Am Anfang des Zweiten Weltkriegs, bevor die USA im Krieg gegen Deutschland und Japan waren, suspendierte Lansky vorübergehend seine kriminellen Aktivitäten, um sich mit der Bekämpfung der pro-nationalsozialistischen Meetings, der damals zahlreichen Hitler-Befürworter in den USA, zu beschäftigen. Über ein solches Ereignis in Yorkville, einem deutschen Viertel in Manhattan, sagte Lansky einmal:

„Die Bühne war mit Hakenkreuzen und einem Foto von Adolf Hilter dekoriert. Insgesamt 15 Leute nahmen an der Aktion Teil. Einige warfen wir durchs Fenster, die meisten Nazis rannten panisch weg… Diejenigen, die wir geschnappt haben, haben wir so richtig verprügelt! Wir wollten ihnen zeigen, dass die Juden nicht immer nur ruhig dasitzen und Schläge auf sich nehmen werden!“

Meyer Lansky, jüdischer Gangster, Held in vielen Filmen
Meyer Lansky, jüdischer Gangster, Held in vielen Filmen

MAFIAKONGRESS IM HOTEL NATIONAL IN HAVANA

Lansky hat am 22. Dezember 1946 im Hotel National die berühmte „Konferenz in Havana“ zusammengerufen, das wahrscheinlich größte Mafiatreffen auf der westlichen Erdhalbkugel. Die Konferenz versammelte die wichtigsten Mafiabosse und Familienoberhäupter aus ganz Amerika. Lucky Luciano kam zu diesem Anlass mit einem gefälschten italienischen Pass. Und erraten Sie, wer für die Unterhaltug zuständig war? Es war – Frank Sinatra. Eine Reminiszenz an dieses Ereignis finden wir auch im Film Der Pate 2, in der Szene, wo ein Mafiatreffen in Havana gezeigt wird.

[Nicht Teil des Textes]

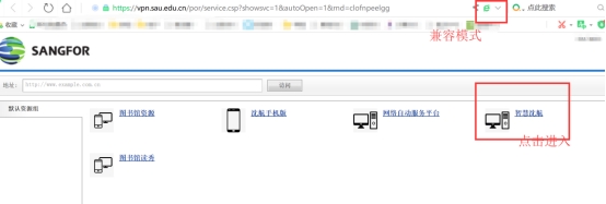 1.学生登陆https://vpn.sau.edu.cn/网站,点击智慧沈航。注意:推荐使用电脑用IE浏览器登陆,如果使用360,请切换到兼容模式,如下图所示:

Lansky entwickelte sein Glücksspielreich in Kuba bis zur Silvesternacht 1959, als Kastro mit seinen Truppen in Havana einmarschierte. Einen Tag zuvor flog Lansky mit dem Flugzeug auf die Bahamas.

Neben dem Film Der Pate 2 erscheint Lansky auch als Inspiration für Rollen in zahlreichen anderen Filmen: Er ist Max Berkowitz (von James Woods gespielt) in Es war einmal in Amerika, Ben Kingsley spielt ihn im Film Bugsy aus 1991, Patrick Dempsey im Film Mobsters (1991) und Dustin Hoffman im Film The Lost City (2005).

1970 versuchte er mit einer Reise nach Israel eine Anklage wegen Steuerhinterziehung in den USA zu vermeiden, jedoch wurde er zwei Jahre später an die USA ausgeliefert. Die letzten Tage seines Lebens verbrachte er bei Spaziergängen mit seinem Hund und in der Synagoge in der 3. Straße. Er starb am 15. Januar 1983, in seinem 80. Lebensjahr. Das FBI glaubte, Lansky habe auf geheimen Konten etwa 300 Millionen Dollar gehabt (was heute eine ungefähr zehn mal so hohe Summe ergeben würde), aber es wurde nie ein Cent davon gefunden.